This course is complementary to AVIA5009 Airline Corporate Management which is also provided in the MScTech (Aviation)/MAvMgmt program. The introductory module of this course provides a brief overview of the corporate side of airline management and its relationship with the following modules.
Airline operations are defined as the functional areas which are directly associated with the operations of the aircraft and in the provision of operational support services. There is much overlap between the management of “corporate” and “operational” aspects of an airline. This occurs mainly in the planning processes such as fleet planning, schedule planning, and strategic planning (including business plans and annual budgets). These important processes will be covered in this course for the functional areas that play major roles in the airline.

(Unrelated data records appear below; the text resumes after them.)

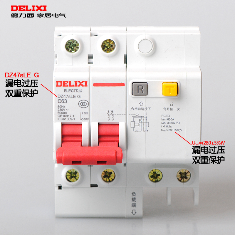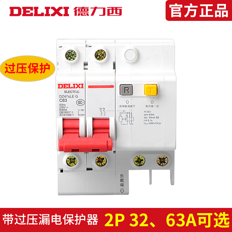 Delixi overvoltage protector 2P 63A leakage air switch 220v household air open circuit breaker short circuit switch
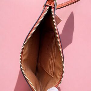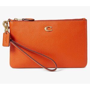 Coach Pebbled Sun Orange Leather Wallet Wristlet New
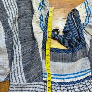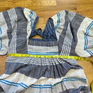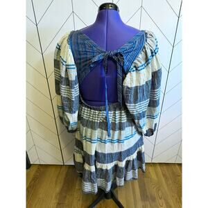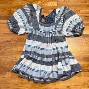 Free People Women’s Large Blue Indigo All Lined Up Mini Dress Striped Cottage New. Square neckline. Puff sleeves. Elastic on the back waistband. Backless with mid-back tie. No stretch to the material. New with tags.

Engineering and maintenance, airline airport operations, crew resource provision and inflight service functions are specifically covered in some detail. As well as those important functional areas, other airline processes are covered which play important roles in the operations. These include emergency planning, operations control, and punctuality management.
The more recent interest in outsourcing in airline management is looked at as airlines pursue the reduction in costs and head towards the “virtual” airline. There is a module on environmental matters in the airline and also a chapter on freight. Perhaps the latter is a little misplaced but those of you who do both the courses on Airline management should have some exposure to the freight part of the airline.
General management techniques apply to many of these functional areas. Planning, budgeting, staff and equipment rostering, and disruption management are generic but in this course are discussed from the airline’s view. The management of aircraft, crew (both technical and cabin service crew), and inflight service functions are complex, especially the impact each has on the other. This may not be unique but certainly requires some knowledge of the history of the industry. The impact of outsourcing of services has put the traditional approaches under the microscope, and with varied results.